PS: How June 2017 Treated My Mathematics Blog, reviewing the statistics of stuff.

Monday morning after Morphicon/AnthrOhio we traditionally sit a little in our room, moping about the end of the convention and the long drive home which will be tempered only by getting lunch somewhere (we never do the burrito place on the way home, oddly) and stopping at Coon's Candy about an hour north of Columbus. It's a fine spot, lots of homemade candy, and just far enough away that organizing a side trip at the convention would be ludicrous. We varied that after we got our room cleared out and checked and re-checked.

This was, as you'd figure, to walk around the hotel and take our last photographs of it in the daylight. I thought there were more people at the con for the day-after stuff than usual but that might be a false impression. We wouldn't usually go up to the front desk to turn in our keys, just leaving them in the hotel room instead. But who wouldn't expect the day after to have more lingering people photographing stuff than usual?

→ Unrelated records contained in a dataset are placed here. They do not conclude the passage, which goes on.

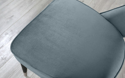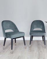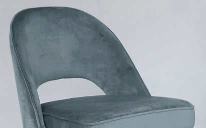 The Clover blue grey velvet dining chair brings mid-century style to modern dining spaces. Its distinctive curved back and plush velvet upholstery create an inviting seat for long dinners and lively conversations. Sold as a pair, these chairs feature brushed stainless-steel legs and built-in adjustable floor protectors for stability on any surface.
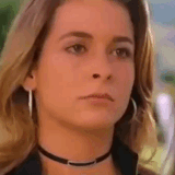 Close-up of a woman from a Brazilian telenovela, wearing a black choker and silver hoop earrings.
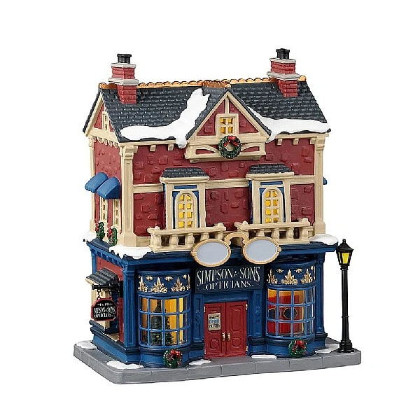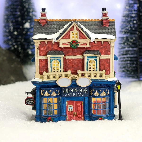 - The Simpson & Sons Opticians illuminated ornament from Lemax is part of the Caddington Village collection
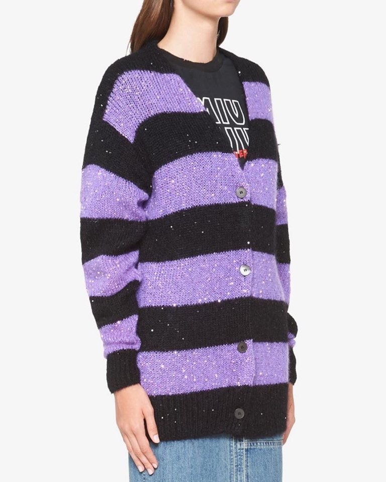 Кардиган Miu Miu LUX-21034 представляет собой яркий и стильный элемент гардероба, выполненный в контрастную полоску. Модель сочетает в себе классический крой кардигана с современными деталями, такими как блестящие вкрапления, придающие изделию оригинальность. Этот кардиган отлично подойдет для создания как повседневных, так и более нарядных образов, добавляя индивидуальности.
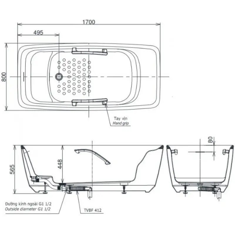 - Kích thước: 1700x800x565mm (Xem chi tiết ở phần hướng dẫn lắp đặt).
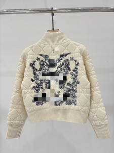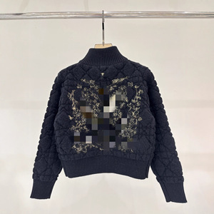 D家高版本25早秋新款格纹蝴蝶刺绣拉链长袖立领款针织开衫外套
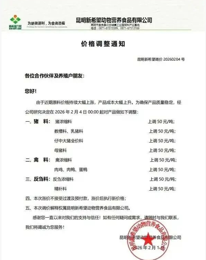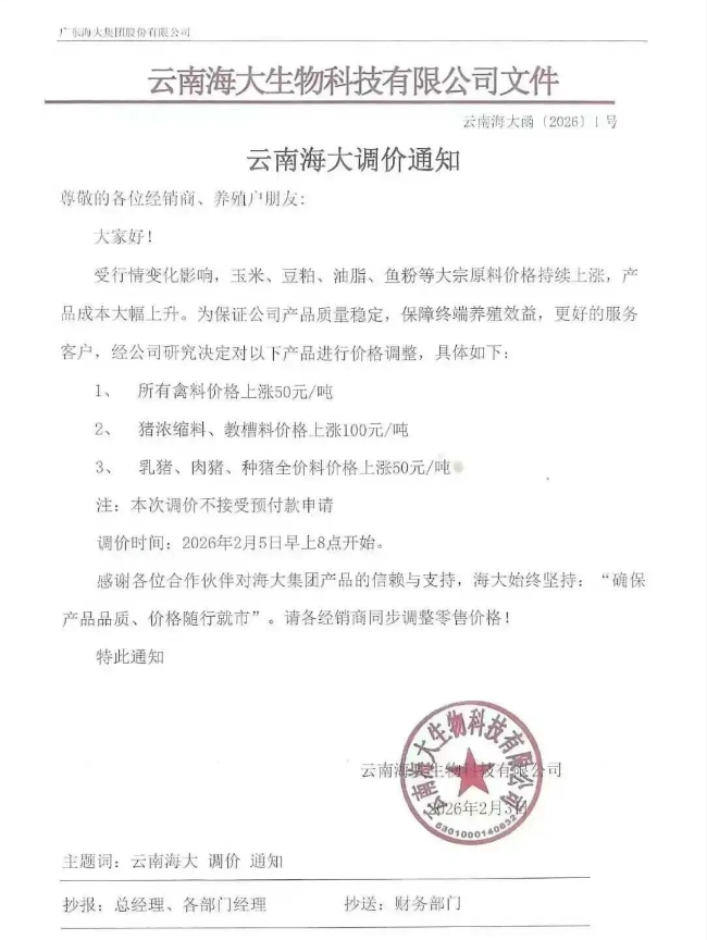 2026年1月,生猪养殖行业持续承压,猪价连续27周低位运行,行业普遍亏损。与此同时,海大、新希望等头部饲料企业集体提价,养殖户陷入“价跌本涨”的双重困境。
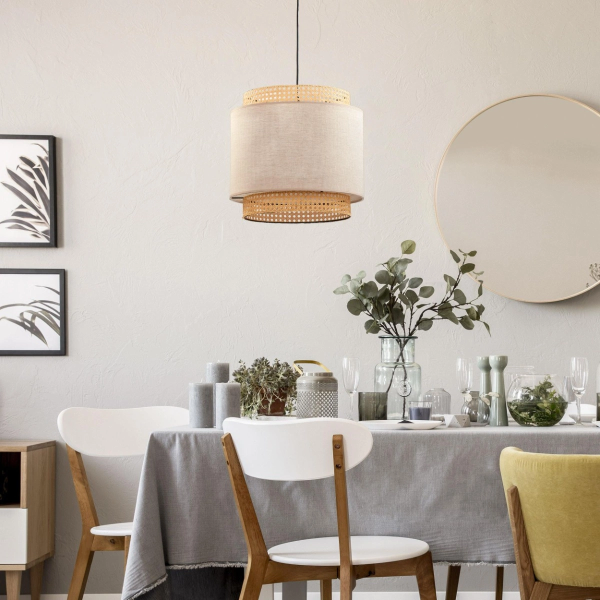 Lampa Sufitowa Wisząca BOHO NATURE Zwis Rattanowa Czarno-Beżowa Styl Boho E27 6301 TK Lighting
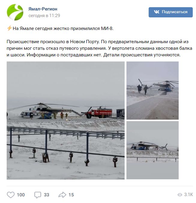 Вертолёт Ми-8 с 22 пассажирами совершил жёсткую посадку на Ямале » E-News.su | Cамые свежие и актуальные новости Новороссии, России, Украины, Мира, политика, аналитика

The extra time treated us well. The previous day [profile] bunny_hugger had mentioned she didn't know what PunkCat looked like out of his raccoon fursuit. I said I'd point him out to her when we loaded the car, since it seems like I always run into him when loading the car. And I hadn't seen him when loading up the car this time. But with the time we spent prowling the hotel taking farewell photographs we were in the right place and time to run into him again. As expected, she did know the guy from appearances, she just hadn't connected him with the suit. I hope the tradition of running into him at checking-out transfers to the new hotel. We need our certainties in life.

We didn't go somewhere to eat. We had a new prospect open. There used to be a small amusement park, Wyandot Lake, adjacent to the Columbus Zoo. In 2006 the Zoo bought the then-110-year-old park and divided it into a water park with separate admission and an amusement area dubbed Jungle Jack's Landing. We had wanted to get there since, besides the remnants of the old park, they had a wooden roller coaster named the Sea Dragon. It had always been something that opened in mid-May, too late for Morphicon/AnthrOhio in its traditional weekend. But now that it's moved to Memorial Day weekend we could go! The amusement park area would be open and the roller coaster running. We could try that out, and could also see their antique carousel.

It was a bright, sunny Memorial Day. We figured we'd only have a couple hours there, as we needed to get to [profile] bunny_hugger's parents at a reasonable evening hour. But that should be enough for a short visit to a couple of rides. And it might be crowded; we had no way to guess what the zoo and amusement park crowd would be like this early in the summer season, on a weekday, but a holiday weekday. We had heard we could buy admission tickets from the AAA, or possibly from the Kroger. We decided not to, though, trusting that while the tickets would be a little more expensive we'd be better off not taking the time to divert away from the Columbus Zoo.

This was as completely wrong a decision as we could possibly have made.

Trivia: Nicaragua's 1902 postage stamps, including the one depicting the Momotombo volcano which would help sway the United States away from a Nicaraguan and to a Panamanian canal location, were printed by the American Bank Note Company of New York City. Source: Overthrow: America's Century of Regime Change from Hawaii to Iraq, Stephen Kinzer.

Currently Reading: Sky Island, L Frank Baum.